Little has been publicly revealed by Sinn Féin about how Mr Hampton, who was living in a caravan in Ireland and "of no fixed abode", came to leave at least £1.5m (€1.65m) to the party. He was said to be a Sinn Féin supporter who came from a wealthy family background.
His 1997 will lists Dessie Macking and Joe Cahill - then the party's treasurers - as executors and trustees but Sinn Féin has not outlined how that came about.
The money was intended to "cover election expenses, to fund Sinn Féin offices... and to aid Republican prisoners".
The donation - revealed by Sinn Féin to the UK's Electoral Commission - has sparked huge curiosity about Mr Hampton and why he left so much money to the party linked to the Provisional IRA and its murderous campaign during the Troubles.
Mr Hampton died last year aged 82.
Mr Halloran doesn't know what links Mr Hampton had to the political party.
"I had no inkling that he even knew how to spell Sinn Féin. He didn't come to see me to talk about that. He came to me to talk about being persecuted by accountants."
He said Mr Hampton believed the firm that was dealing with his father's business interests were after him. He wanted Mr Halloran to write a story about it when he approached him in the early 1990s. The journalist described Mr Hampton as a "frail individual" who "lived on his own and moved around a lot".
As it happens Mr Halloran determined there was nothing to the allegations, and the firm was merely trying to pay dividends to Mr Hampton.
They had sporadic phone contact in the years after and Mr Halloran learned he was included in the will when it was sent to him in 1997.
He still has a copy of the letter he tried to send to the mechanic - through his solicitors - to say he didn't want the money.
Mr Halloran told Mr Hampton while he was "honoured" to be included and his offer for funds after his death was "both generous and something that I did nothing to deserve".
He said he hoped Mr Hampton was well and finds the "peace and contentment that you so richly deserve and that you will no longer feel driven to move on so frequently".
Mr Halloran said he couldn't change his benefactor's mind but added "please invest it more wisely by putting it on a horse or buying tickets in the National Lottery.
"At least in your lifetime you may enjoy it rather than you being left with a legacy that you cannot dispose of."
Mr Halloran does not know if Mr Hampton ever got the letter. Either way he was told two months ago Mr Hampton had died and asked where the £1,000 should be sent.
Sinn Féin, meanwhile, is in line for a lot more.
Mr Hampton died in January 2018 at a nursing home in Wales and left an estate of almost £2.6m (€2.9m), which included assets in Ireland, England, Singapore and New Zealand.
He was unmarried and had no children.
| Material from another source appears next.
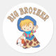 Um cowboy bonito de chapéu azul e botas em uma camisa colorida com filhote e texto 'Big Brother, perfeito para o amante do rodeio oeste do país. Tem designs de irmão e irmão médio correspondentes disponíveis.Cor de fundo personalizável.

He is believed to have inherited the fortune from his father Edward who owned a transport business.
The bulk of money was left to Sinn Féin which may get further donations from the will, as there is more than £1m (€1.1m) still unaccounted for.
Sinn Féin's vice-president Michelle O'Neill has rejected suggestions the party needs to be more transparent about the donation. "I understand it's a juicy story but there's nothing to see here," she told the BBC.
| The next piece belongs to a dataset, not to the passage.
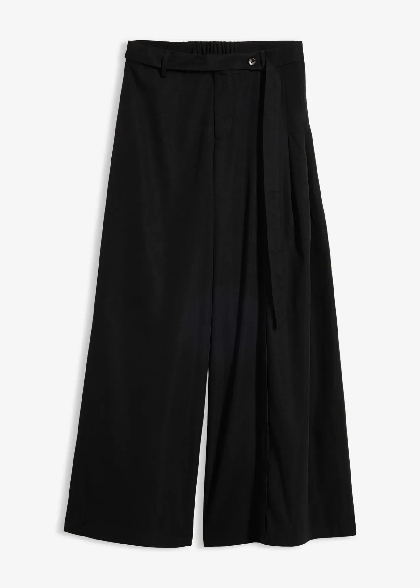 Pantalon large et fluide à taille semi-élastiquée avec un détail à nouer et un bouton

Opposition politicians have raised questions about the donation with Fianna Fáil TD Niall Collins calling on Sinn Féin to outline how it happened "in the interests of transparency".
Sinn Féin TD Louise O'Reilly insists, "it's not unusual for people without living relatives to make bequests to organisations".
But she said she can't explain the motivation "because I don't know the man. I never met him".
Sinn Féin didn't respond to questions seeking further details of its links to Mr Hampton.
As for Mr Halloran's take, he says simply: "It's Sinn Féin's good fortune."
He says of Mr Hampton: "He was not a stupid man and he would not be easily led, although he was a very lonely and troubled man.
"He had clear views about what he believed in and he had opinions.
"If he sat down, as he must have done with Sinn Féin, and said this is what I'd like to do, he would have thought that through as best he could."